• DIRECTIONS FOR THIS TASK
What you write must match, character for character, the lines from the one with "Длина платья 50см." down to the one with "LPBA 월드챔피언십 2026 1일차 대진표(3월 6일)" in the listing below, minus its pictures.

--- GIVEN INFORMATION Enclosed Below ---

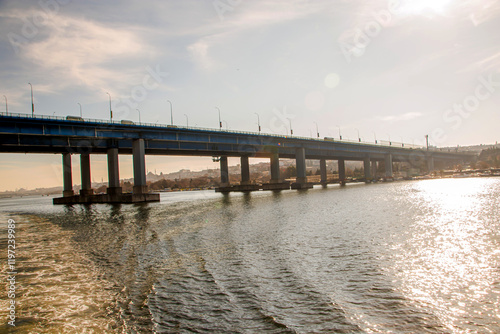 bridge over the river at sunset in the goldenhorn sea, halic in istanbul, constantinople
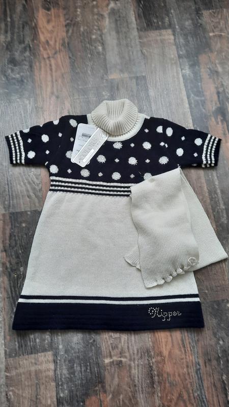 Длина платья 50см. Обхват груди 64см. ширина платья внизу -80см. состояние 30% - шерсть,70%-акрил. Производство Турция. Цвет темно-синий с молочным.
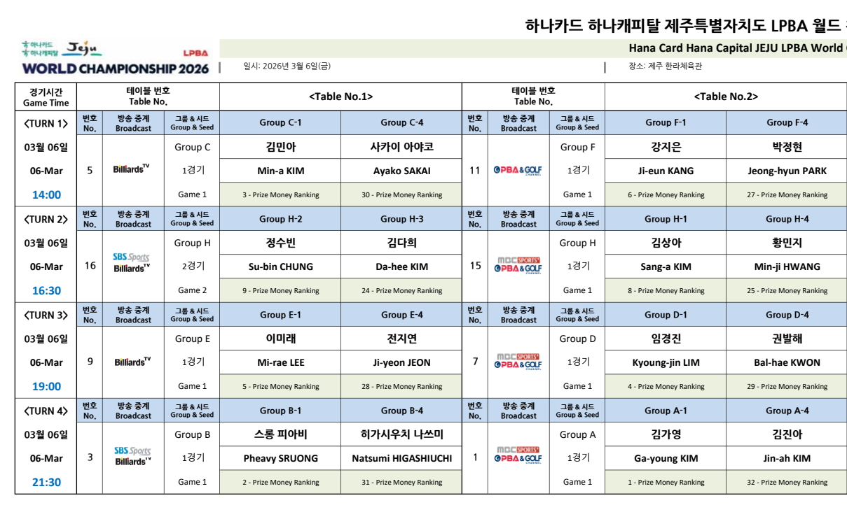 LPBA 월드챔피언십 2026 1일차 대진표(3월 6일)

--- End of Enclosed GIVEN INFORMATION ---
--- GIVEN INFORMATION Enclosed Below ---

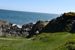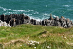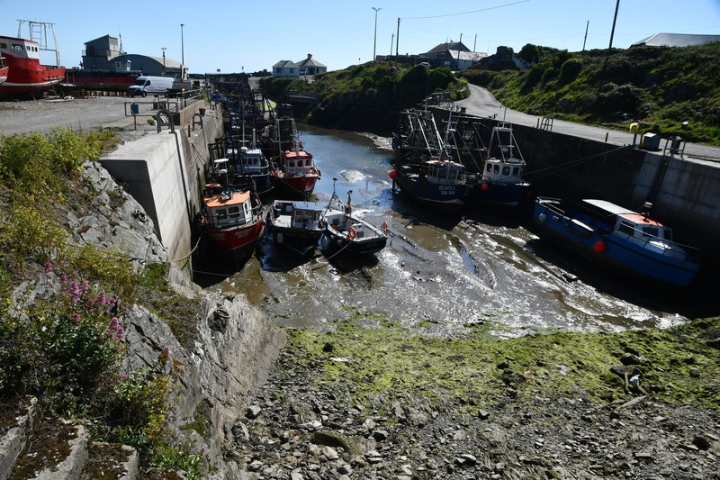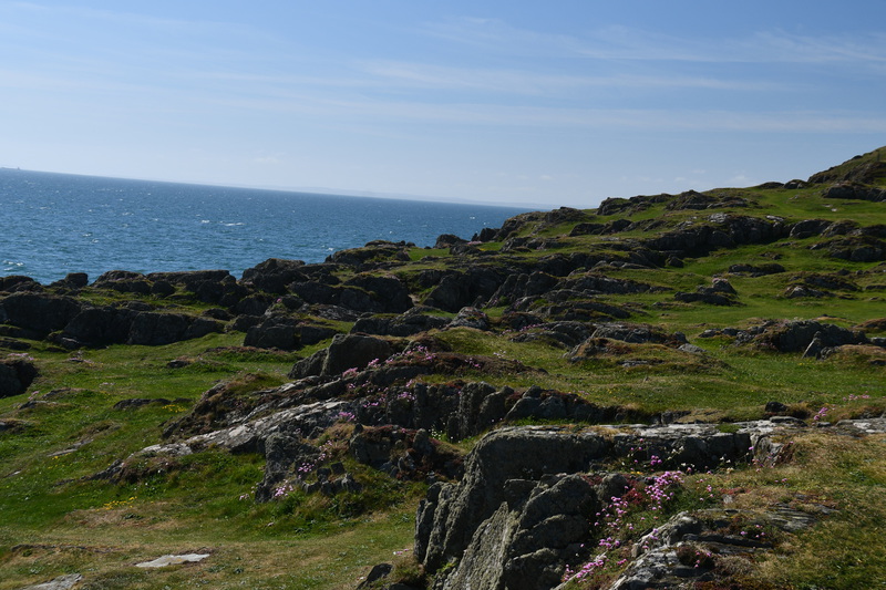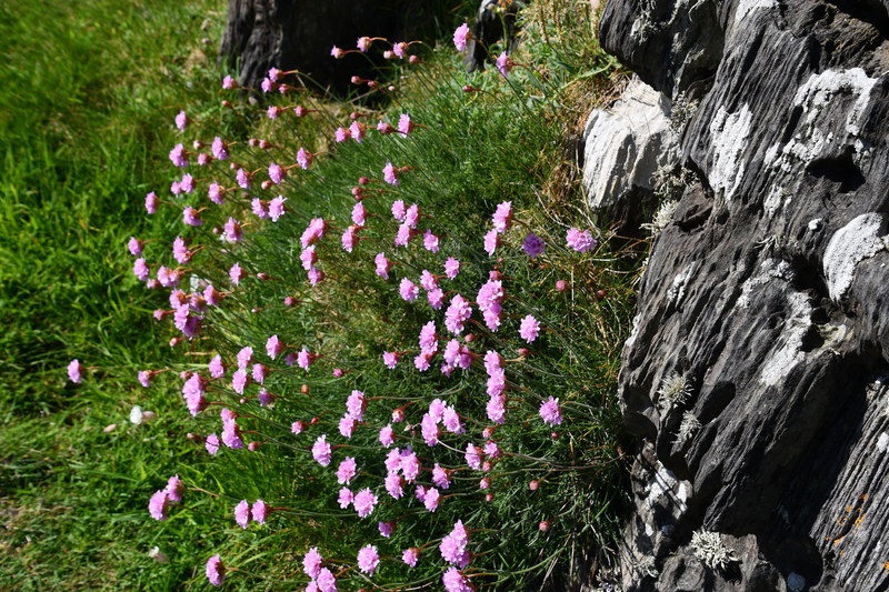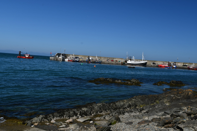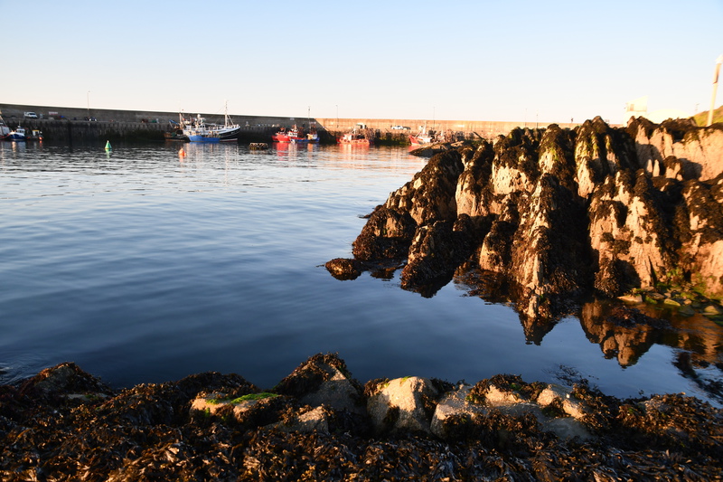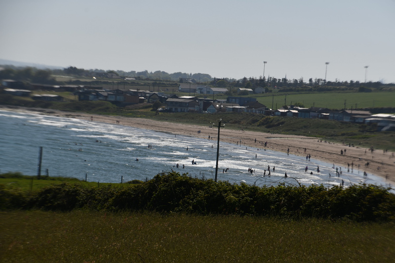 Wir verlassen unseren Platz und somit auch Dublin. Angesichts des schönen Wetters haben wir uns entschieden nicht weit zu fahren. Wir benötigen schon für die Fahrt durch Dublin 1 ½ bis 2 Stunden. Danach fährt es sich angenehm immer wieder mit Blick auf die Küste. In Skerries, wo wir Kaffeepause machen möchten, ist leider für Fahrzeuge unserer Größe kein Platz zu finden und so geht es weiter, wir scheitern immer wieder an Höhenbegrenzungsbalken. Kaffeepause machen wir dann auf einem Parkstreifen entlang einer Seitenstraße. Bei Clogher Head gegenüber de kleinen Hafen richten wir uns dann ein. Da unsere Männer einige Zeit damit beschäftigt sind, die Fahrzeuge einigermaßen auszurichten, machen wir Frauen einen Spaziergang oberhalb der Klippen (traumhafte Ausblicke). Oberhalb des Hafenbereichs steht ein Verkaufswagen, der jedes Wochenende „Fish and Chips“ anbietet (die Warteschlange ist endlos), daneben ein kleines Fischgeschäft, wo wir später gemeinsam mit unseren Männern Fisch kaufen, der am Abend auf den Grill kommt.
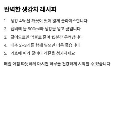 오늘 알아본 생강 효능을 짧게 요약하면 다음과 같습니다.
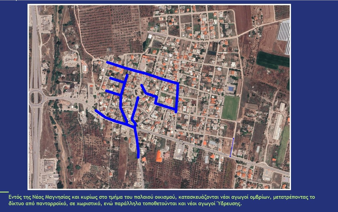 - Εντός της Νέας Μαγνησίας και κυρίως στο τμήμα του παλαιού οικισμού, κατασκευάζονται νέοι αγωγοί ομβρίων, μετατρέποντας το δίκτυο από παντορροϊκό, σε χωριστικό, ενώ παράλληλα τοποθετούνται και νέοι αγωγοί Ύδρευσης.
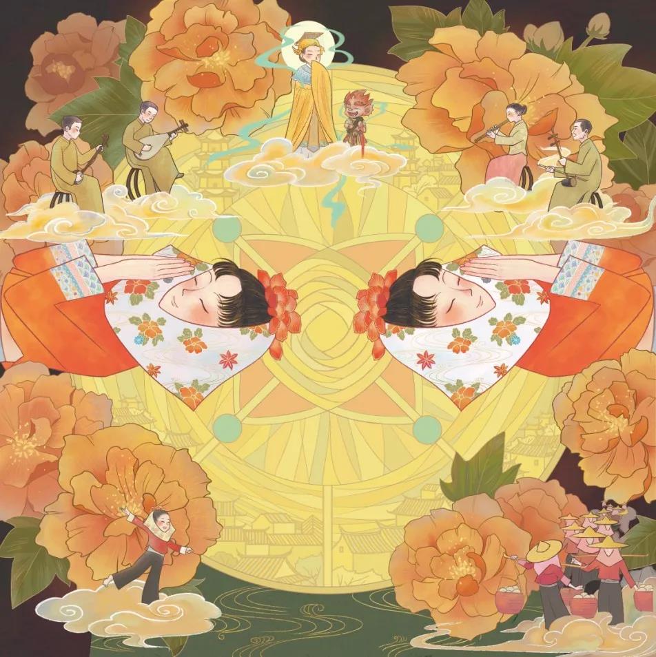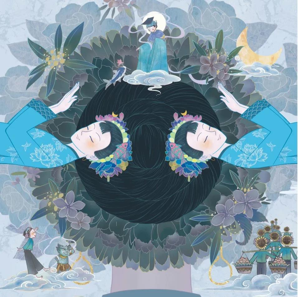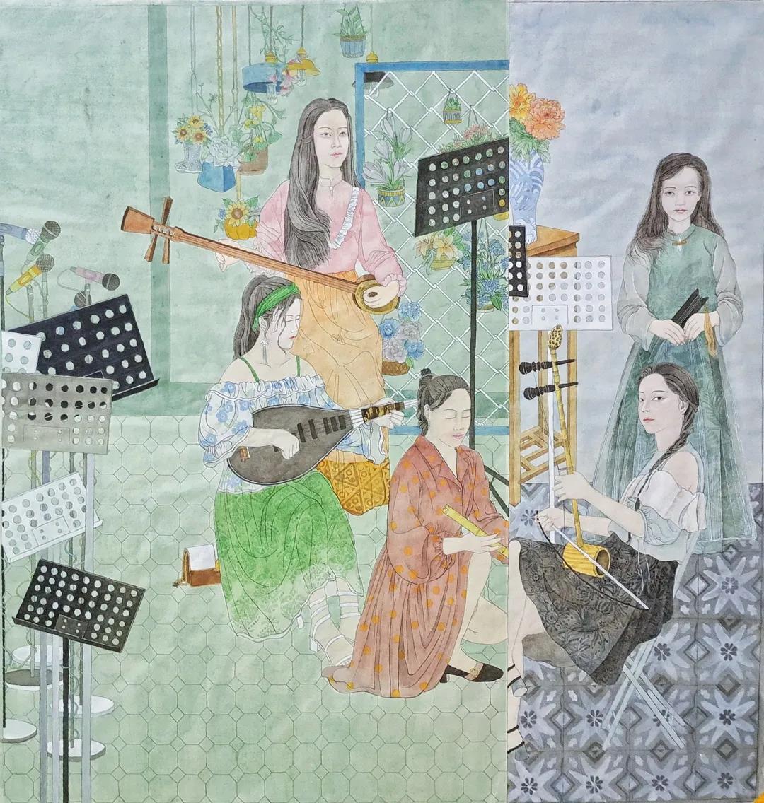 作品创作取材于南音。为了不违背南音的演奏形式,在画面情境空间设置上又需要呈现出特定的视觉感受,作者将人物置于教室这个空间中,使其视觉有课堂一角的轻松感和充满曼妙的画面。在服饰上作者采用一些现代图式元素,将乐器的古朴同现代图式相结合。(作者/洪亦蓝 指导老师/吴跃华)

--- End of Enclosed GIVEN INFORMATION ---

• ANSWER TO THIS TASK
 Длина платья 50см. Обхват груди 64см. ширина платья внизу -80см. состояние 30% - шерсть,70%-акрил. Производство Турция. Цвет темно-синий с молочным.
 LPBA 월드챔피언십 2026 1일차 대진표(3월 6일)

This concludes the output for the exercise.